Wednesday 6 September 2017

Watch Duterte: Marcoses not asking for immunity in exchange for returning wealth



President Rodrigo Duterte said the Marcos family did not ask for immunity from suit in exchange for returning their wealth to the government.

"They did not ask any immunity," Duterte told reporters on Tuesday night. "And I could not guarantee it also. I know that I'm not the proper authority to do that."

The President's statement came after he had said the kin of the late dictator Ferdinand Marcos was "ready to return" their wealth, possibly through a settlement.



"I accept the explanation because there is no other explanation," he said in Davao City on Saturday night. "I do not know anything. I cannot debate with them.

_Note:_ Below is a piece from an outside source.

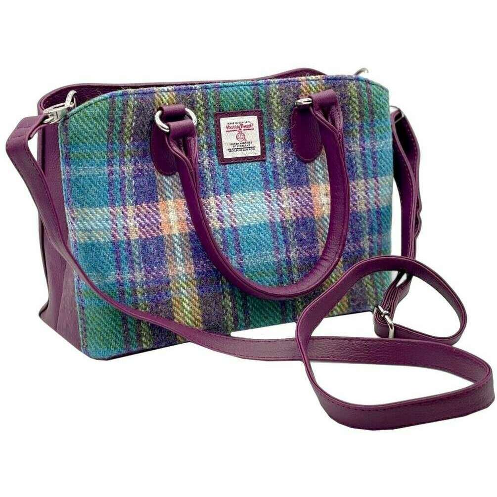 Maccessori Harris Tweed tas met handvat aan de bovenkant - groen/paars

So sinabi ko [I said], I accept the invitation na [that] it's about time that this thing is finally settled."

However, the President reiterated on Tuesday that Congress must pass a law for the turnover to happen.

"It's a long process," he said. "It does not belong to me. It was just a signal from the Marcoses they will bring back what the people are believing to be theirs."



Duterte added that the wealth that the Marcoses plan to return is different from what the Presidential Commission on Good Government (PCGG), the government agency tasked with recovering the billions of pesos plundered by the late dictator Ferdinand Marcos, has been trying to retrieve.

According to the World Bank-UN Office on Drugs and Crime's Stolen Asset Recovery Initiative, former President Marcos started amassing ill-gotten wealth from the government on his first year in office in 1965.

He was ousted by a popular revolt in 1986 amid allegations of corruption and human rights violations. He died in exile in Honolulu, Hawaii in 1989.

The study revealed Marcos siphoned an estimated $5-billion to $10-billion in his 21-year regime.

The PCGG has recovered over ₱170 billion (US$3 billion) between February 1986 and December 2015.

Meanwhile, victims of human rights violations during the martial law era started receiving compensation in May 2017.



Republic Act 10368 or the Human Rights Victims Reparation and Recognition Act of 2013 grants monetary and non-monetary reparation to human rights victims.

The government has allotted ₱10 billion for the reparation of the victims, which came from the ill-gotten wealth of the Marcos family transferred to the Philippine government by the Swiss Federal Court in December 1997.

Deal or no deal?

Although Duterte said he will not advise the Marcoses anything, he said it doesn't make sense for them to return the wealth and end up in jail.

"If I were the Marcoses, kung isauli ko lang naman 'yan, sabihin ko sa kanila, "Maghingi kayo ng immunity,"" he said. "Otherwise, keep the God d*** money at baka makukulong ka pa. Bigyan mo ng immunity, fine. Hindi mo bigyan ng immunity, fine. But walang perang isauli 'yan. Then you'll have to look to the ends of the earth to get them."

[Translation: If I were the Marcoses, if I would return that wealth, I would advise them, "Ask for immunity." Otherwise, keep the God d**n money because you might go to jail. If you give them immunity, fine. If you don't give them immunity, fine. But they might not return any money. Then you'll have to look to the ends of the earth to get them.]

However, victims of the martial law regime said there should be no compromise with the Marcoses.

"Ano ba namang klaseng pamahalaan ito, na pababayaan natin si Mr. Marcos — I mean the Marcos estate, yung pamilya — na magpasya kung a few gold bars ang isasauli nila at saka mag-usap-usap na lamang tayo?," former Commission on Human Rights chair Etta Rosales said in a Monday forum.

[Translation: What kind of government is this that would let Mr. Marcos - I mean the Marcos estate, the family - to decide to return just a few gold bars and then just talk it out among ourselves?]

At the same forum, former Sen. Aquilino Pimentel Jr. said no conversation can settle the matter.

"The return of a few gold bars will not compensate for all [human rights abuses under the Marcos regime] but there is a need to bring closure; it cannot be done with mere conversation," said former Sen. Aquilino Pimentel in a Tuesday forum. "A process must be followed."

Rosales and Pimentel were both victims of the martial law regime.

Rosales was an activist who endured rape and torture in the hands of the military for being a Marcos critic, while Pimentel was a politician-on-the-rise who saw jail three times for opposing the dictatorship.